Set down again exactly the lines of the listing below that fall between the line holding "- Total number" and the line holding "El equipo juvenil", inclusive.
START MATERIAL FOR THIS TASK
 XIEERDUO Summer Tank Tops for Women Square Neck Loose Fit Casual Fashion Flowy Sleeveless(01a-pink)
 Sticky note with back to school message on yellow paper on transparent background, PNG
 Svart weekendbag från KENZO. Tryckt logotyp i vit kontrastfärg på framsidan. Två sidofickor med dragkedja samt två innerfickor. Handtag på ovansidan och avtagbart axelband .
END MATERIAL FOR THIS TASK
START MATERIAL FOR THIS TASK
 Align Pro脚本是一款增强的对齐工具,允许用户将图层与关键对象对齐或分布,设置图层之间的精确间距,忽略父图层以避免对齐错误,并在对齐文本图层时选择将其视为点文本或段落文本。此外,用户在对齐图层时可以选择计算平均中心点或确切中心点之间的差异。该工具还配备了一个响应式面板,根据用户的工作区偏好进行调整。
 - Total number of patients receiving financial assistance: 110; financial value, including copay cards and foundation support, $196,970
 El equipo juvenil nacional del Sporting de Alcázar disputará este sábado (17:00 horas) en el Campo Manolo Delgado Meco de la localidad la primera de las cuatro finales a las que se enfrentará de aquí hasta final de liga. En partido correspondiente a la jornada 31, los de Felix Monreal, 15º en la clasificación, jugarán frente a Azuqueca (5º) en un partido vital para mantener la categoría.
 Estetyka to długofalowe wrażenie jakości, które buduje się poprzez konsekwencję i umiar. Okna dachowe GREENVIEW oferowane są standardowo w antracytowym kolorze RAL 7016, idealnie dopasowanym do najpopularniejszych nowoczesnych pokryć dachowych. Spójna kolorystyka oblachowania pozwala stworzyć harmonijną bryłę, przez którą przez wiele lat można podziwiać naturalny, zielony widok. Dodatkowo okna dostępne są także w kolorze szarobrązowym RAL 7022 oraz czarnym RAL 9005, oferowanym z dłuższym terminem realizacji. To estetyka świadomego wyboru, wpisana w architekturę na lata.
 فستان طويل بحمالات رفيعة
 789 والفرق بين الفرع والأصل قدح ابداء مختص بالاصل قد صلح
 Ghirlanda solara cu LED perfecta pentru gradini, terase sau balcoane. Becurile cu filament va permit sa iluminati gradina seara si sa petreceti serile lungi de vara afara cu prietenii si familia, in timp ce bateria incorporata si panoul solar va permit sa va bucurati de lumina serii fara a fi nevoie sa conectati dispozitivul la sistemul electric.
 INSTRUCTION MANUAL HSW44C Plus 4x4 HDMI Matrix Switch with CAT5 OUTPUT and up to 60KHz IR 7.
END MATERIAL FOR THIS TASK
START MATERIAL FOR THIS TASK
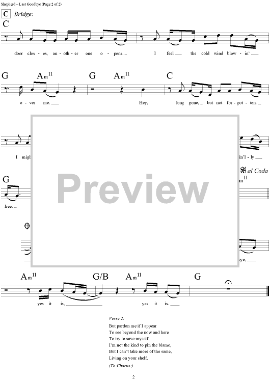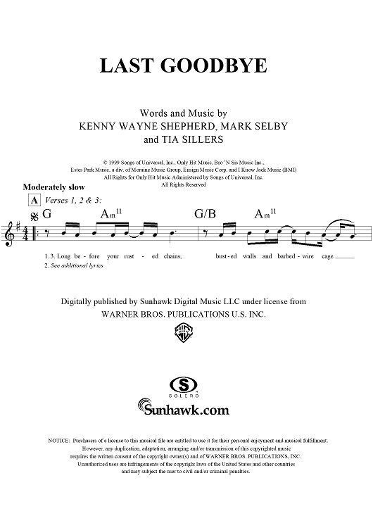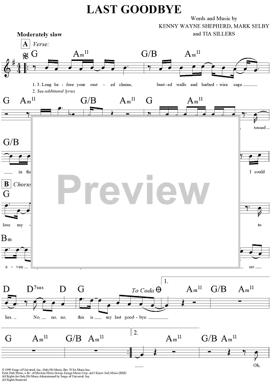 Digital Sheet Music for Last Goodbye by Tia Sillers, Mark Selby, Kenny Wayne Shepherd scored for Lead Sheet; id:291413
END MATERIAL FOR THIS TASK
REPLY TO THE TASK:
 - Total number of patients receiving financial assistance: 110; financial value, including copay cards and foundation support, $196,970
 El equipo juvenil nacional del Sporting de Alcázar disputará este sábado (17:00 horas) en el Campo Manolo Delgado Meco de la localidad la primera de las cuatro finales a las que se enfrentará de aquí hasta final de liga. En partido correspondiente a la jornada 31, los de Felix Monreal, 15º en la clasificación, jugarán frente a Azuqueca (5º) en un partido vital para mantener la categoría.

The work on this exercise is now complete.